The stats are really close to those per game - recall that mathematically the two ratios should be the same - with some slight differences that are presumably compound rounding errors. This means we can ignore this ratio and focus only on the AST:TO.

To finish up, we can sort our dataframe by AST:TO to see which players are doing well, we can also then sort by AP40 and TOP40, just in case there are any ties. I have added a caption to the dataframe to make it look more like a table, and taken only the top 10 players by putting them into a new dataframe.

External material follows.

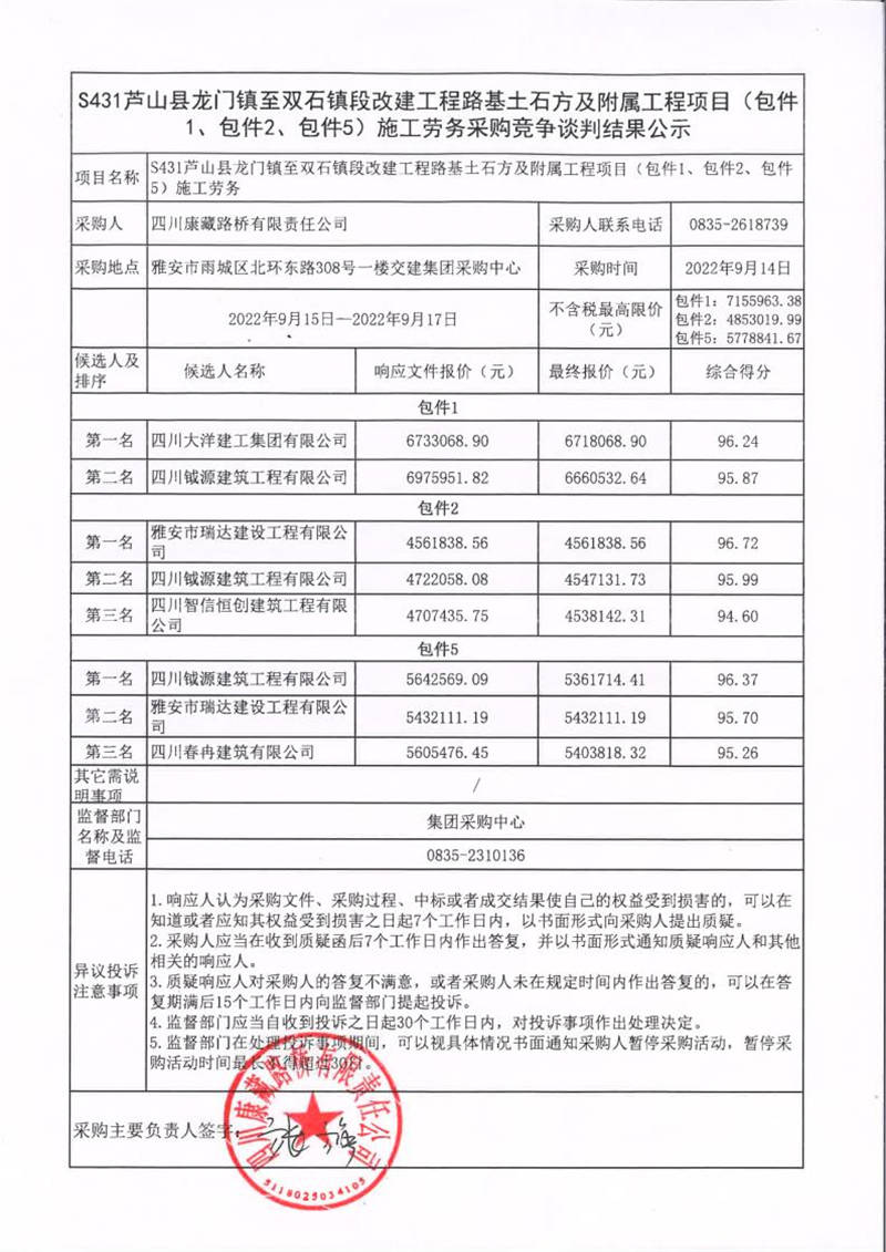 四川康藏路橋有限責任公司S431蘆山縣龍門鎮(zhèn)至雙石鎮(zhèn)段改建工程路基土石方及附屬工程項目(包件1、包件2、包件5)施工勞務采購競爭談判結果公示

df_top_10 = df.nlargest(10, 'AST:TO')
df_top_10 = df_top_10.sort_values(by=["AST:TO", "AP40", "TOP40"], ascending=[False, False, True])
df_top_10 = df_top_10[["Name", "Team", "Games", "APG", "AP40", "TOPG", "TOP40", "AST:TO"]]
df_top_10.style.format({'AST:TO':'{:.2}'}).set_caption('SLB Assist to Turnover Leaders').set_table_styles([{
    'selector': 'caption',
    'props': [
        ('text-align', 'left'),
        ('font-size', '18px'),
        ('font-weight', 'bold')
    ]
}]).hide(axis="index")

SLB Assist to Turnover Leaders
Name	Team	Games	APG	AP40	TOPG	TOP40	AST:TO
Ali Youssouf Ali	MAN	4	4.000000	5.640000	0.500000	0.700000	8.0
Patrick Whelan	CAL	3	5.330000	7.250000	1.330000	1.810000	4.0
Jordan Spencer	NEW	5	3.400000	5.690000	1.200000	2.010000	2.8
Isaiah Hill	CAL	5	6.400000	8.770000	2.400000	3.290000	2.7
Prentiss Nixon	SHE	4	6.500000	8.260000	2.500000	3.180000	2.6
Cameron Holden	CHE	4	4.750000	6.710000	2.000000	2.830000	2.4
Nicholas Lewis	MAN	4	3.750000	6.400000	2.000000	3.410000	1.9
Kedrian Johnson	BRI	4	5.250000	6.720000	3.000000	3.840000	1.8
Jordan Taylor	LON	3	4.000000	5.620000	2.330000	3.280000	1.7
Ricky Clemons	CHE	4	3.250000	4.860000	2.000000	2.990000	1.6

In this Chapter you have seen how data can be scraped from websites and placed into Pandas dataframes. We also engaged in some minor analysis of the data and calculated some other metrics. I’ve provided an optional exercise below for you to put some of your new knowledge in to practice.

Exercise#

Choose one of the stats categories on BritHoops (such as rebounding) and repeat some of what you have learned here. Once you have scraped the data you will need to:

Choose which stats to record in lists.
Filter down the list of players based on games played and some minimum stat levels.
Optionally calculate some additional metrics.
Construct a final table of 10 players for your chosen category.